Net als Dubrovnik heeft Venetië van UNESCO (de organisatie van de Verenigde Naties voor onderwijs, wetenschap en cultuur) een officiële waarschuwing gekregen. Sinds 1972 heeft UNESCO een wereld­erfgoedlijst met ‘onroerende goederen met een uitzonderlijke en universele natuur- en/of cultuurwaarde’. Er staan nu zo’n duizend sites op de lijst. Door oorlogen, natuurrampen, vervuiling en ‘niet geplande stadsontwikkeling’ kan een UNESCO-site op de lijst komen van ‘Werelderfgoed in gevaar’.

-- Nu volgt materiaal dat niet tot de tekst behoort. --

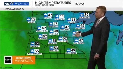 Low pressure tracking across the region on Thursday morning will make for a gloomy day in the Twin Cities, with some clouds and cooler temps.

‘Venetië heeft sinds de jaren vijftig haar hele economie op toeristen gefundeerd en dat moeten de bewoners zich ook aantrekken. Zij waren er zelf bij. Zíj kozen deze bestuurders.’

Op dit moment zijn er vijftig plekken op de wereld die onder druk staan van het massatoerisme. Toch kan Unesco weinig doen, legt hoofd ‘Sustainanable Tourism’ Peter Debrine uit. ‘Wij gaan over de stenen, niet over het DNA van een stad. Lokale overheden moeten dat soort problemen aanpakken. Venetië heeft sinds de jaren vijftig haar hele economie op toeristen gefundeerd en dat moeten de bewoners zich ook aantrekken. Zij waren er zelf bij. Zíj kozen deze bestuurders. En hebben er misschien ook wel geld aan verdiend. Vergeet niet dat alle vertrekkers hun huis met een forse winst hebben kunnen verkopen, dankzij het toerisme.’ Hij ziet voor Venetië geen mogelijkheden om het tij nog te keren. Hooguit kunnen bepaalde ongemakken voor bewoners worden weggenomen, bijvoorbeeld door bepaalde routes alleen voor Venetianen open te laten.

De gemeente Venetië zegt telefonisch ‘het toerisme-probleem’ heel serieus te bekijken. Als voorbeeld noemt de woordvoerder het cruiseschipverbod. In werkelijkheid is het geen verbod, maar een verplaatsing van het probleem nadat UNESCO had gedreigd Venetië van de Werelderfgoedlijst te halen omdat door de trillingen en wateroverlast de historische gebouwen in gevaar werden gebracht. De cruiseschepen meren nu vlak buiten het oude centrum aan. Inwoner Dario zucht: ‘En uiteindelijk spugen ze net zo goed duizenden dagjesmensen uit, die allemaal op het San Marco-plein terecht komen. In Venetië zijn de bedrijven die verdienen aan toerisme, aan onze stad, de baas.’

Zou een paar decennia geleden elke stad op de wereld niets liever hebben gewild dan ‘het nieuwe Venetië’ worden, nu is het een schrikbeeld. In iedere stad verzekeren bestuurders mij dat ze niet, en vrezen bewoners dat ze wél het nieuwe Venetië zullen worden.